Я виделся с моим новым управляющим3 и довольно долго беседовал с ним. Он мне нравится - это человек лет сорока, с выразительным и открытым лицом, который смотрит вам прямо в глаза. Он представил мне докладную записку о состоянии моего имения,- и я лишний раз мог убедиться, что давно пора внести немного порядка и правильности в этот хаос.- Думаю, что начну я с поездки в Спасское, дабы покончить с этим переходным состоянием, которое может иметь только вредные последствия и одинаково тягостно для всех. Представляете ли вы себе, какой здесь холод? - Двадцать два градуса в 8 часов утра -17 в полдень. При одной только мысли пуститься в дорогу в такое время невольно начинаешь дрожать - для этого надо быть белым медведем. Но, коль взялся за гуж, и т. д.
Навестила меня госпожа Абаза - ведь я все еще не выхожу. Она с большим интересом расспрашивала меня о вас, о том, что вы делаете, сообщила новости о Рубинштейне, который, по-видимому, окончательно покидает Петербург весной, после экзаменов в Консерватории4. А Милютин, кажется, окончательно впал в детство; постараюсь завтра навестить его - это будет печальное зрелище; счастье еще, что сам он, по-видимому, уже не ощущает всей горечи своего положения5.
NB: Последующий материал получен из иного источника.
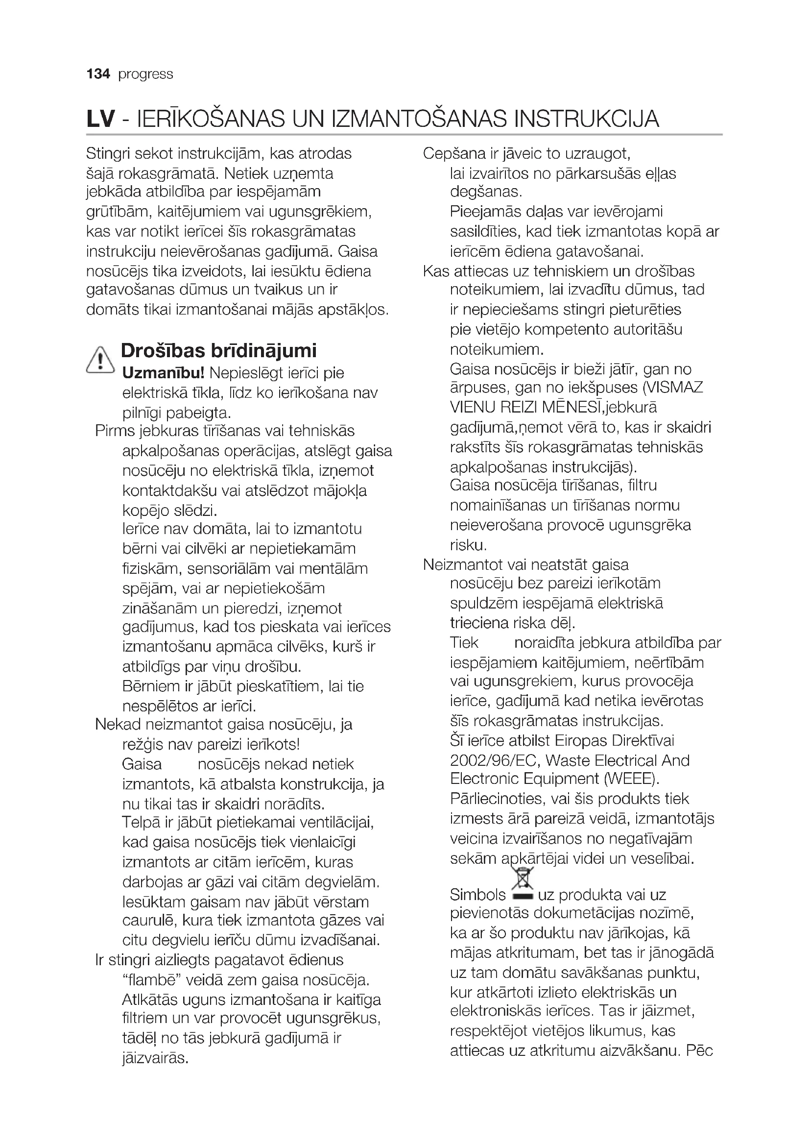 NESĪ,jebkurā gadījumā,ņemot vērā to, kas ir skaidri rakstīts šīs rokasgrāmatas tehniskās apkalpošanas instrukcijās). Gaisa nosūcēja tīrīšanas, filtru nomainīšanas un tīrīšanas normu neieverošana provocē ugunsgrēka risku. Neizmantot vai neatstāt gaisa nosūcēju bez pareizi ierīkotām spuldzēm iespējamā elektriskā trieciena riska dēļ. Tiek noraidīta jebkura atbildība par iespējamiem kaitējumiem, neērtībām vai ugunsgrekiem, kurus provocēja ierīce, gadījumā kad netika ievērotas šīs rokasgrāmatas instrukcijas. Šī ierīce atbilst Eiropas Direktīvai 2002/96/EC, Waste Electrical And Electronic Equipment (WEEE). Pārliecinoties, vai šis produkts tiek izmests ārā pareizā veidā, izmantotājs veicina izvairīšanos no negatīvajām sekām apkārtējai videi un veselībai. Simbols uz produkta vai uz pievienotās dokumetācijas nozīmē, ka ar šo produktu nav jārīkojas, kā mājas atkritumam, bet tas ir jānogādā uz tam domātu savākšanas punktu, kur atkārtoti izlieto elektriskās un elektroniskās ierīces. Tas ir jāizmet, respektējot vietējos likumus, kas attiecas uz atkritumu aizvākšanu. Pēcprogress 135 papildus informācijas par produkta izmantošanu, apstrādi un atkārtotu izlietošanu, ir jāgriežas vietējā iestādē ,kas nodarbojas ar attiecīgo jautājumu, atkritumu atkārtotās izlietošanas servisu, vai uz veikalu, kur produkts tika iegadāts. Izmantošana Gaisa nosūcējs tika izveidots, lai tas būtu izmantots iesūkšanas versijā ar evakuēšanu uz ārpusi vai ar fi ltru ar iekšēju cirkulēšanu . Ierīkošana Šim gaisa nosūcēja veidam ir jābūt piefi ksētam pie griestiem. Ļoti smaga iekārta: Gaisa nosūcēja pārvietošanu un ierīkošanu ir jāveic vismaz diviem vai vairakiem cilvekiem. Minimālam attālumam starp plīts virsmu, kur tiek novietoti tilpumi un viszemākās gaisa nosūcēja daļas nav jābūt mazākam par 40cm elektriskās plīts gadījumā un 55cm gāzes un kombinētas virtuves gadījumā. Gadījumā, ja ierīkošanas instrukcijās gāzes ierīcei tiek precizēts lielāks attālums, ir nepieciešams to ievērot. Tīkla spriegumam ir jāatbilst spriegumam, kurš ir atz īmēts uz īpašas etiķetes, kura atrodas gaisa nosūcēja iekšpusē. Ja nosūcējam ir kontaktdakša, pievienot to rozetei, kura atbilst pastāvošiem likumiem un atrodas pieejamā zonā arī pēc installēšanas. Ja gaisa nosūcējam nav kontaktdakšas (tieša pieslēgšana pie elektriskās sistēmas) vai arī kontaktdakša neatrodas pieejamā zonā, arī pēc installēšanas, pielietot normām atbilstošu bipolāru slēdzi, kurš nodrošina pilnu atslēgšanu no tīkla sprieguma, pārslodzes kategorijas III nosacījumos, saskaņā ar ierīkošanas likumiem. Uzmanību! pirms pieslēgt gaisa nosūcējau pie tīkla barošanas un pirms pārbaudīt tā pareizu darbošanos, vienmēr pārbaudīt ka tīkla kabelis ir ierīkots pareizi. Gaisa nosūcējam ir īpaša barošanas caurule; caurules bojašanās gadījumā, pieprasīt to tehniskās apskalpošanas servisam. Darbošanās Izmantot augstāku ātrumu īpašas virtuves dūmu koncentrācijas gadījumā. Iesakām ieslēgt iesūkšanu 5 minūtes pirms ēdiena gatavošanas sākšanas un neslēgt to ārā vēl 15 minūtes pēc ēdiena gatavošanas pabeigšanas. T1T6 T2 T3 T4 T5 L1 L3 L2 L4 T1. Gaismu ON/OFF T2. Ātruma samazināšana Piespiežot taustu “T2” tiek panākta ātruma pazemināšana, no 4.ātruma (intensīvais) uz 1.ātrumu. Piespiežot taustu “T2” darbošanās laikā 1.ātrumā, gaisa nosūcējs iet uz stāvokli OFF. T3. Ātruma palielināšana Piespiežot taustu T3 gaisa nosūcējs no stāvokļa OFF pāriet 1.ātrumā. Piespiežot taustu (gaisa nosūcējs stāvoklī OFF) tiek palielināts dzinēja ātrums no 1.ātruma uz intensīvo ātrumu (taimeris). 1.ātrums 1 LED L1 2.ātrums LED L1+L2 3.ātrums LED L1+L2+L3 Intensīvais ātrums (ar taimeri) LED L1+L2+L3+L4 mirguļo Piezīme: 4.ātrums (intensīvais ar ātrumu) paliek darbībā 5 minūtes, pēc kā gaisa nosūcējs automātiski uzstāda 2.ātrumu. T4. Ātruma taimeris Ātruma taimeris ieslēdzas piespiežot taustu T4; kad laiks beidzas, gaisa nosūcējs izslēdzas.136 progress Taimerim ir sekojoši uzstādījumi: 1.ātrums - 20 minūtes (LED L1 mirguļo) 2.ātrums - 15 minūtes (LED L2 mirguļo) 3.ātrums - 10 minūtes (LED L3 mirguļo) Intensīvais ātrums - 5 minūtes (LED L4 mirguļo) Darbošanās ar taimeri laikā, piespiežot taustu T2 gaisa nosūcējs iziet no režīma ar taimeri un samazina ātrumu. Piespiežot taustu T3 gaisa nosūcējs iziet no režīma ar taimeri un palielina ātrumu. Piespiežot taustu T4 gaisa nosūcējs iziet no režīma ar taimeri, uzturot uzstādīto ātrumu.. T5. Filtru piesātināšanās paziņojuma kontroles un konfigurācijas tausts: Skatīties attiecīgās instrukcijas tālākajos paragrāfos. T6. Iesūkšanas dzinēja ON/OFF: Kad gaisa nosūcējs ir ieslēgts jebkurā ātrumā, piespiežot taustu T6 gaisa nosūcējs izslēdzas. Kad gaisa nosūcējs ir izslēgts (OFF) piespiežot taustu T6 gaisa nosūcējs ieslēdzas 1.ātrumā. Tauku fi ltru paziņojums Pēc 40.darbošanās stundām mirguļo LED L1. Kad parādās šāda veida paziņojums, ir jāveic tauku fi ltru tehniskā apkope. Lai paziņojumu iestatītu uz nulli, ir jātur piespiests tausts T5 5 sekundes. (gaisa nosūcējs ir stāvoklī ON). Gaisa nosūcējs izdos skaņas signālu “BEEP” un LED L1 pārtrauks mirguļošanu. Ogļu fi ltra paziņojums Pēc 160. darbošanās stundām mirguļo LED L2. Kad parādās šāda veida paziņojums, ir jāveic ogļu fi ltra tehniskā apkope. Lai paziņojumu iestatītu uz nulli, ir jātur piespiests tausts T5 5 sekundes. (gaisa nosūcējs ir stāvoklī ON). Gaisa nosūcējs izdos skaņas signālu “BEEP” un LED L2 pārtrauks mirgu ļošanu. Abu fi ltru vienlaicīgas paziņošanas gadījumā, LED L1 un L2 mirguļos pēc kārtas. Iestatīšana uz nulli notiek, kad augst

8 часов вечера.- Только что пришла ваша телеграмма с извещением о внезапном вашем отъезде в Баден-Баден...6 Может быть, приехал Эрнест7? Незачем и говорить вам, как я беспокоюсь и какие мысли мне приходят в голову. Умоляю, не оставляйте меня в неведении. Пишите мне, пожалуйста, в Москву, в редакцию "Русского вестника"; весьма возможно, что в пятницу или, самое позднее, в субботу я окончательно покину Петербург. На московской железной дороге некоторые вагоны отапливаются.
Я очень встревожен этим отъездом и его возможной причиной. Вот она, темная пелена, о которой вы говорили...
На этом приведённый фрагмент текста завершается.